A pathway lined with white flowers leads to the ocean at sunrise.

All I knew of the next-door neighbor was that he was gay, a gardener, and a weaver of beautiful tapestry rugs.

Kitty, my friend and hostess (or, more accurately, my landlady, as she wasn't actually at the house while I was there) told me that he had a partner who'd died some years earlier. She also said I must see his gardens. With something of a green thumb myself, I was intrigued.

I Googled his name to find out what I could before picking up the phone to call. I learned he was born in 1937, the same year as my late father. I also learned that his work was currently on display at a gallery in nearby Rockland, Maine.
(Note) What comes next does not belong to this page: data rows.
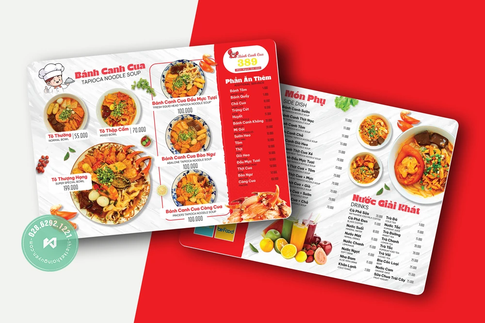 Mẫu Menu Quán Bánh Canh Cua 389 – Quán Ăn Bình Dân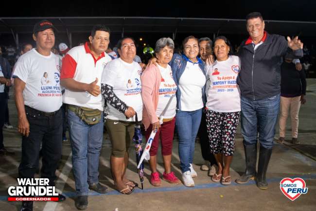 En esta visita también estuvieron presentes junto al candidato del distrito Huimbayoc por Somos Perú, Bertony Macedo, y los candidatos a la consejería regional por la provincia San Martín, Jorge Corso y Jessica Hildebrandt, quienes confirmaron que Walter Grundel volvería a otros pueblos del bajo Huallaga.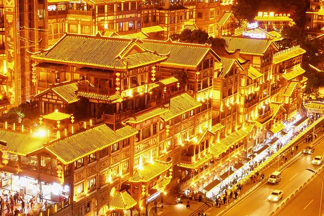夜晚的洪崖洞,会让人错觉穿越到《千与千寻》的动画里。那些依着山势而建的吊脚楼,写满巴渝的传统色彩。

I left a message. A couple of hours later, the phone rang. A deep, resonant voice stated the caller's name. He asked if I liked food. Yes, and I love to cook, too. He suggested that we have dinner that night at Primo, the farm-restaurant in Rockland known for top-shelf quality (with prices to match).

I was anxious about the prices. Back to being a "struggling writer" at the advanced age of 53, expensive restaurants are no longer part of my usual fare.

I emailed a friend in Portland for advice. He said there could be an assumption that because I knew "fancy people" who had a summer home in "exclusive" Spruce Head, I might be taken for a fancy person (spelled = having disposable income), too. He said Dear Abby would advise candor, so I should simply say I can't afford dinner at a restaurant whose version of "surf and turf" goes for $42.

By the time we toured his gardens and compared his view of the cove with the one I'd been enjoying just down the road, and certainly by the time we sat in his kitchen for a cup of tea and biscotti ("I like sweet things," said Morrie), my anxiety was gone. This man was genuine and humble, too.

It turned out Morrie's not a fancy person, either. Making lots of money hasn't been the driving force motivating his work.

I was eager to hear about his years in Provincetown, in the 1960s, long before I began going there in the '80s. It's where he had met Bob and launched their 32-year romance. He'd started as a dishwasher at Sal's Place, in the West End, before moving up his second year to waiter and, eventually, head waiter. Like many painters, musicians, and writers, what he did for a living was very different from what he felt called to do.

"You're easy to talk to," he told me, a couple of times. So was he. He took it in stride, a part of his new acquaintance's unfolding narrative, when I told him about the "real story" behind my stories: my own biography, including the big, unexpected bump in the road seven hears ago next month, when my doctor said, "I have bad news on the HIV test." No judgments, no arched eyebrows like I've seen too often on my peers' self-assured faces. Morrie simply said I was fortunate to have been diagnosed when there was finally effective medical treatment. So many, so very many of our brothers were not so fortunate.

I invited him to join me and two friends I'd invited to dinner Friday night. My favorite thing in the world, at least one of them, is to cook for friends. If they stay until midnight, I count my dinner party a success. They stayed till after midnight, having eaten every course despite the threat of burst belts and exploding bellies after each one.

Morrie was the hit of the party. I'm lucky to have friends who, as I do, revere our elders and soak up the drops of wisdom woven like pearls into the fabric of their stories.

We thought afterward that we had offered Morrie something, too: listening ears, real questions. How's it been since Bob died? Is there another love left in him? Most unlike the nurse at the hospital he volunteers at, who asked, "Do you have children?" and asked nothing more when he said no.

Of all of Morrie's stories that I've enjoyed so far, the one about a long-ago visit to Puerto Vallarta touched me deepest, choking me up.

At the end of a two-week stay, about to leave the next day, he said to a woman who had little in the way of money or material goods, whose daughter was joyfully feasting on a juicy ripe orange, "I'm so sad I have to leave tomorrow."

"Why be sad?" she said. "It's a beautiful day today."